Lies upon lies

Seems it is the season for lies. Hot on the heels of Winston Peters being the first politician in years to be censured by Parliament for telling lies, John Key has been caught out with his own lies about his Transrail shareholding.

And it seems in trying to cover his lies, he has told another one this morning. Being interviewed by Paul Henry on Breakfast, Key stated:

Any question I asked would have been in the public domain really, er, any information I had was in the public domain.

Now, that is true of Parliamentary Written Questions, but the documents released by Michael Cullen reveal that John Key also made and received responses to Official Information Act requests about Transrail.

Now responses to Official Information Act requests are not in the public domain. The only people who would have known the contents of those responses would be Key and anyone he chose to send them to.

Seems he’s been caught with his pants on fire again.

7 thoughts on “Lies upon lies

  1. That’s an interesting point Toad, except anybody can make OIA requests. That’s right, even an ordinary member of the public. Key did not have any special access to information (parliamentary written questions are published at the same time he gets the answers), and anybody can make OIA requests.

  2. Of course they can Tim. That’s not my point.

    My point is that on Breakfast this morning, John Key said that all the information he had was in the public domain.

    But it wasn’t, because he had the information from his OIA requests, and that was clearly not in the public domain.

    So he told another lie to Paul Henry this morning, on top of his attempt to lie to Fran Mold about the extent of his Transrail shareholding (and that was a silly lie to tell anyway, because the number of shares was not really an issue).

    And imo John Key’s lack of ethical behavior over this issue puts him well on his way down to the sewer to join Winston Peters.

  3. I like politicians who tell the truth. John Key and Winston Peters tell lies. Russel Norman doesnt, and he is pretty hot as well.

    Can somone tell me if he’s got a wife of girlfriend? It would be sad if he’s gay though.

  4. That isn’t true, Toad. Key said he didn’t have any information that wasn’t in the public domain: this related to information he received in his capacity as an MP. The accusation is that John Key used his position as National’s associate transport spokesman to enrich himself.

    You know this accusation to be patently wrong. None of the information he obtained as an MP (in asking written questions to Ministers) was not available in the public domain. Yes, he made OIA requests, but any person can do that. Once an OIA request is granted, it can be publicly available.

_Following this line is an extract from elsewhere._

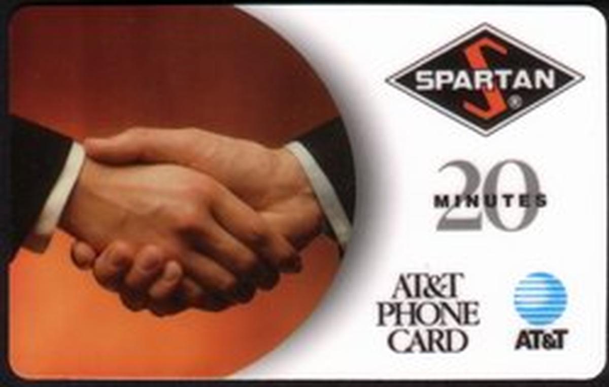The card carries the AT&T logo on the top right corner, indicating the telecom company associated with this phone card. The overall design emphasizes the handshake as a symbol of cooperation or a business deal, highlighting a connection with Spartan Motors and the number 20m, likely referring to a 20 million milestone or a 20-meter scale related to the brand.
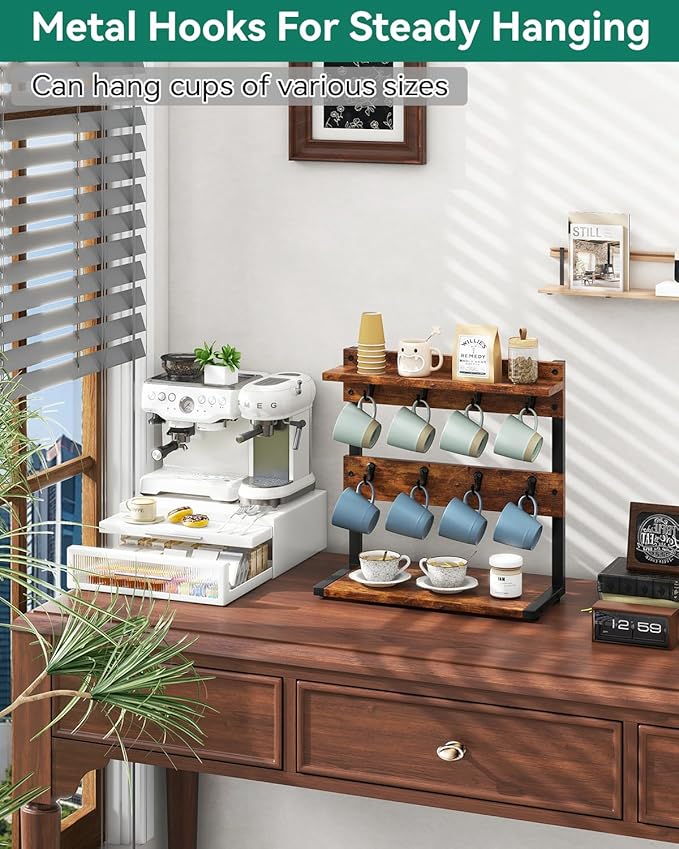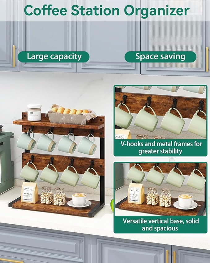 - RUSTIC MINIMALIST DECOR: The countertop coffee mug holder stand with simple and elegant industrial design create a farmhouse vibe to your kitchen, sitting room, coffee bar, tea room. Flexible desktop placement as you wish, which is perfect fit for kitchen countertops or dining table space and adds more convenience and style to your home life.

    Do you really think that if I make an OIA request, and it is granted, and somebody else makes that same OIA request, it won’t be granted? Do you think government agencies discriminate on who has made the request?

    That’s a silly argument.

  5. Tim, this is the Clinton defence. When former President Bill Clinton was caught out telling a lie in saying “I did not have sexual relations with that woman” he attempted to defend himself by inventing a technically arguable but curious definition of what “sexual relations” actually means that didn’t fit with the generallly accepted understanding of the term.

    You are doing the same. It is technically arguable that information is “in the public domain” when it is released to someone under the Official Information Act. But the reality is that when John Key received the response to his OIA requests about Transrail, he was the only person outside Government who had that information.

    So it was not in the “public domain” in the sense that the media had access to it or it could be found on a Government website with a search engine.

    The fact that Key also held a significant portfolio of Transrail shares, and could have used the information gained from his OIA request to assist him in managing that portfolio before any other shareholder had access to it is an extremely bad look.

  6. Toad, I repeat, since this seems to be difficult for you to understand. Any shareholder in Tranzrail had the right to use OIA requests to get information. Key was not privileged in this regard. It was not special access to information he had in his capacity as an MP.

    You are trying to invent motive where there is none. I don’t know why you just don’t have the courage to come out and say that John Key was involved in insider trading, rather than crudely just alluding to it.

  7. Tim, if his official information act requests were intended for the public, like any good politician, he would have press-released them. While technically in the public domain, the public was never informed by Mr. Key about what information he had obtained from his OIA requests. He may have been “technically factual”, but saying he’s told the truth is a stretch.